If you need more guidance get the MBSR/MBCT (I did the latter) book + audio tracks from Jon Kabat-Zinn - it takes all the buddhism out and teaches just meditation and mindfulness (and little bits of yoga).
MiPE was the first book I got, but the guidance of 'sit down, listen and follow this program' really helped me get on my butt.
Edit: I can't find the levitation part in MiPE - but there was _something_
No religion or chi/chakra bullshit. Good mobile app. Free to try the "Take 10" program.
I like it because it's <10 minutes from sign up to sitting and doing the first meditation, instead of having to go off and read a book first.
I've been in this for a decade and here are some helpful works that are easily available online and free. YMMV. In no particular order, works of Nisargadatta Maharaj (esp I am That), Michael Langford (awareness watching awareness), books on mindfulness (already linked below). A very approachable book has been Power of Now by Eckhart Tolle.
I follow self-enquiry (Sri Ramana Maharshi) but sadly that is 'lost in translation' and wrongly/poorly explained everywhere. I find Langford's online book to be very motivating although my technique varies from his.

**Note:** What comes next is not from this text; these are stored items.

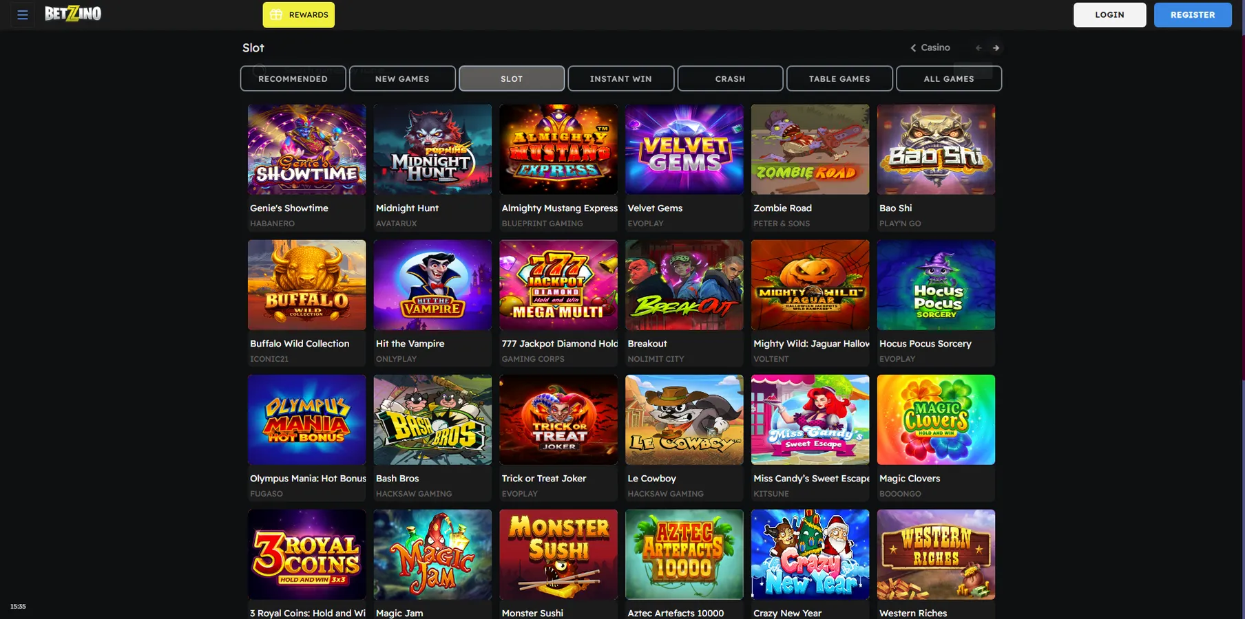 La sección de tragamonedas incluye títulos populares como Wanted Dead or a Wild, The Crypt y 7 Cloves of Fortune. La plataforma también cuenta con juegos originales de la casa como Dados, Crash, Plinko, Limbo y Minas, ideales para los aficionados a las mecánicas de juego justas.
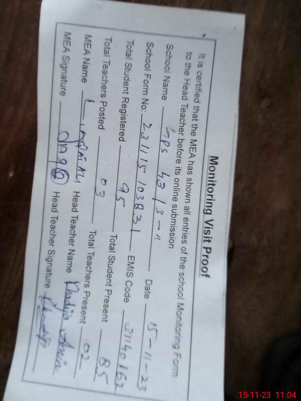 | Attendance Register | Head Teacher | MEA with School | Visit Proof |
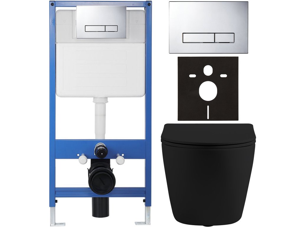 CERANO - Kompletný podomietkový WC set Lite/Cesso - čierna matná - WC tlačidlo Slim, chróm - predstenová inštalácia / sadrokartón - 49x36 cm
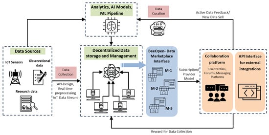 Therefore, we suggest developing an open and collaborative framework to manage apiculture data sets, as demonstrated in Figure 1. The ecosystem’s stakeholders consist of individuals and entities engaged in the utilization, provision, curation, and development of data, as well as creators of AI/ML models. A decentralized autonomous organization (DAO) governance model for the platform enables decision-making processes, allowing the stakeholders to also vote on critical issues. This helps create transparent policies for usage, contributions and rewards governed by community consensus. Data providers procure data and transmit them to the established data repositories. It should be noted that users have the capability to serve as data providers through the utilization of applications that utilize an artificial intelligence and ML model, simultaneously augmenting the existing data pool with newly added information. Data curators are responsible for the systematic handling of incoming data, including the elimination of substandard input and the incorporation of relevant metadata and labels as appropriate. Data curators conduct quality assurance assessments on data provided by fellow curators. Data curators validate the quality and authenticity of data.

There's also 'Books on Prescription' which should have lists of reasonable books.
Unfortunately, this isn't going to avoid all the bullshit, but will steer you past most of it.
EDIT: (http://www.backontrack.nhs.uk/mindfulness-meditation/)
And also the self help section.
[1] short term treatment, 8 weeks, for people with mild mental health problems.
You still have to learn Buddhist terms, but they cut out the political BS and other crap.
Basically suffering is caused by desire and attachment, remove the desire and attachment and you remove suffering. Replace the suffering with compassion and empathy for all living things and you are on your way to mindfulness and Nirvana.